The weight of expectation hangs heavy over the digital health sector. Even before COVID-19 struck, shattering established societal and healthcare norms, much was expected from start-ups that could combine health and tech.

Now, with the pandemic’s acute phase beginning to recede, the rapid gains digital health start-ups were making pre-COVID have become ever more important as new and better ways are sought to improve patient outcomes in a hugely changed environment.

Someone with a keen eye for health, tech and investment trends is Tanja Dowe. A biochemical and microbiology engineer by training, she’s headed up the Debiopharm Innovation Fund since 2016, prior to which she spent 15 years as a strategy and transaction consultant in the life sciences.
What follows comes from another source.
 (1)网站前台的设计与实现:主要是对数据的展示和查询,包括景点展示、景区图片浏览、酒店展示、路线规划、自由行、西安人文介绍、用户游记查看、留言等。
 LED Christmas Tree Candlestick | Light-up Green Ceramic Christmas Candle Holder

Although a start-up’s long-term vision will always come from the entrepreneurs behind it, the challenges that founders face can come thick and fast as they navigate both financing options and operating risk.
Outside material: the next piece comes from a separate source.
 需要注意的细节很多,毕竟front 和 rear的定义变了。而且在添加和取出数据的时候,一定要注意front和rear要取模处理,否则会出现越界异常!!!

“You can’t waiver and you can’t be unsure,” Tanja explains, “but things happen, and we all sometimes get lost in the everyday struggles.”

Nevertheless, there are always ways to bolster a company’s position if you can assess what makes them special and where they need more work.

“Over the years, working with such a variety of companies in med tech, pharma, diagnostics and digital health, what I learned was to quickly understand how to strengthen a company’s strengths and mitigate the risks it might face. There’s no such thing as an absolutely perfect business, but you can really develop any company,” she says.

Supporting start-ups with strategic guidance and long-term financial investment is at the core of the fund Tanja oversees – whether these emerging companies want to bring a completely new type of digital health product to market or convince traditional corporations to integrate smart data innovation into their operations.

A digital health fund

The fund that Tanja leads is part of the independent Swiss biopharmaceutical company Debiopharm, which was established in 1979 to develop innovative therapies that target high unmet medical needs in oncology and bacterial infections. Its business model is to identify high-potential compounds for in-licensing, clinically demonstrate their safety and efficacy and then select large pharmaceutical commercialisation partners to maximise patient access globally.

The Debiopharm Innovation Fund has been operating since 2008, but with an initial focus on diagnostics, driven by the company’s desire to better understand personalised medicines and the companion diagnostics they rely on.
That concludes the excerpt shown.